DESCRIPTION OF THE TASK: Output the lines of the records exactly, from the first through the one containing "Three glass bottles". Omit all pictures.

MATERIAL FOR THIS EXERCISE:
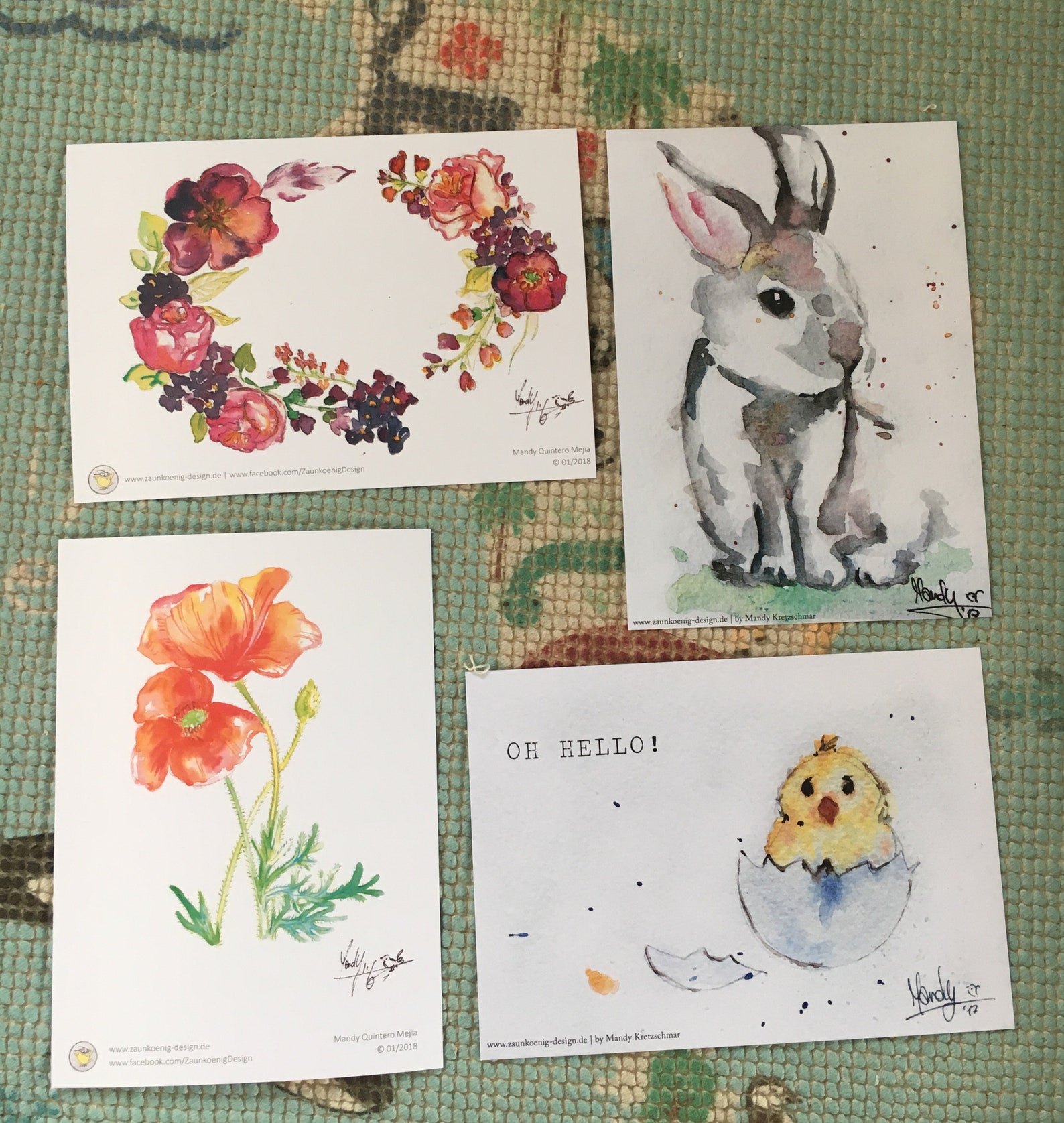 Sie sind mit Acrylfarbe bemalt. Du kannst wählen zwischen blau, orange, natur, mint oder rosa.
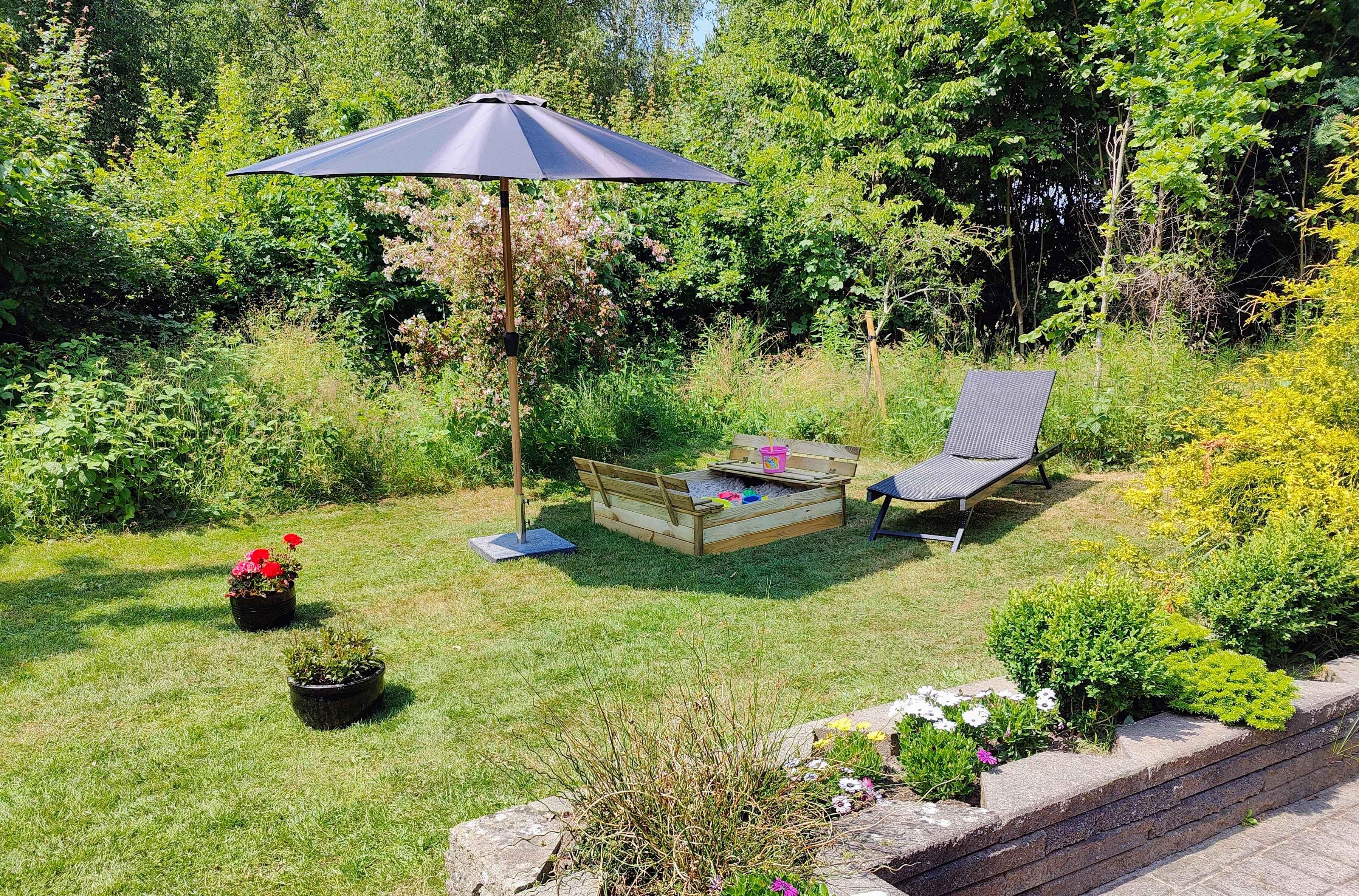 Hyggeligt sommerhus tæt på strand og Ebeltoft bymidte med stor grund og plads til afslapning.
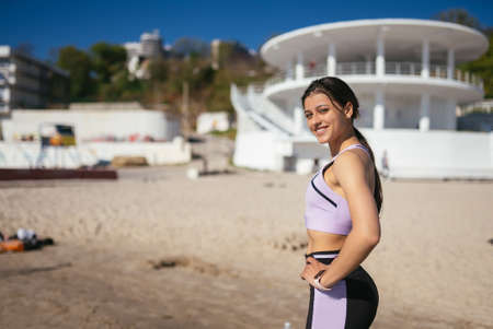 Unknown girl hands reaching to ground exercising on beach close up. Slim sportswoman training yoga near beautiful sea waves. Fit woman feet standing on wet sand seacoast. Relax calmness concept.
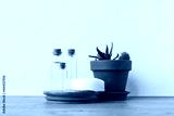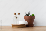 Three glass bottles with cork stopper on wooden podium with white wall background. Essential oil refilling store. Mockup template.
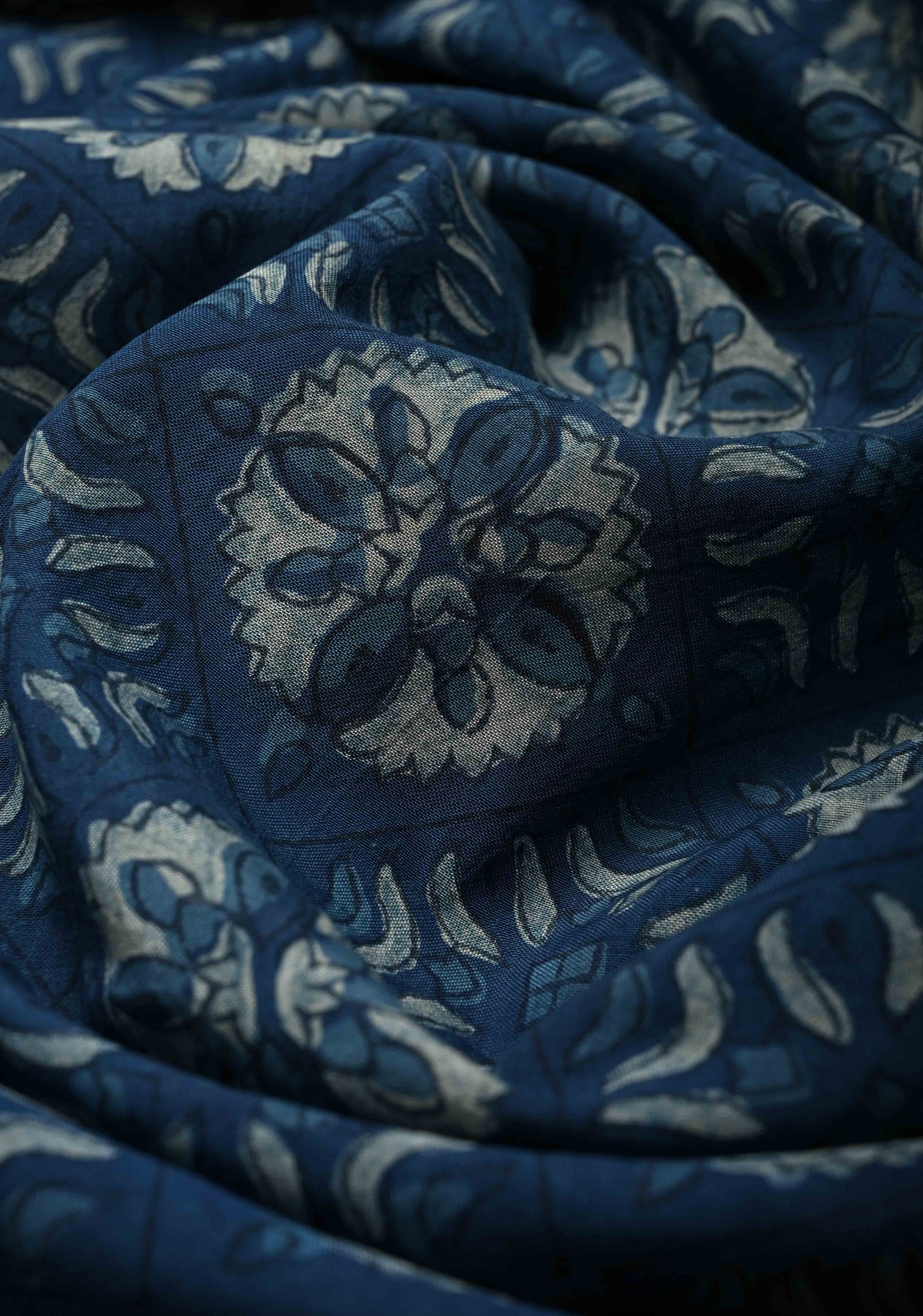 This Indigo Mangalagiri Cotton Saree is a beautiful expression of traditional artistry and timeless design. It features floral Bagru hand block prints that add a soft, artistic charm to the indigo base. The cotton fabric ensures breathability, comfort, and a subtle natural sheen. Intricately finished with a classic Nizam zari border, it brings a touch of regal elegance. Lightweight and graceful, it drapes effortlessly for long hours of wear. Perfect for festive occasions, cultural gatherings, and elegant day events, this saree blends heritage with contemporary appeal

ANSWER BOX:
 Sie sind mit Acrylfarbe bemalt. Du kannst wählen zwischen blau, orange, natur, mint oder rosa.
 Hyggeligt sommerhus tæt på strand og Ebeltoft bymidte med stor grund og plads til afslapning.
 Unknown girl hands reaching to ground exercising on beach close up. Slim sportswoman training yoga near beautiful sea waves. Fit woman feet standing on wet sand seacoast. Relax calmness concept.
 Three glass bottles with cork stopper on wooden podium with white wall background. Essential oil refilling store. Mockup template.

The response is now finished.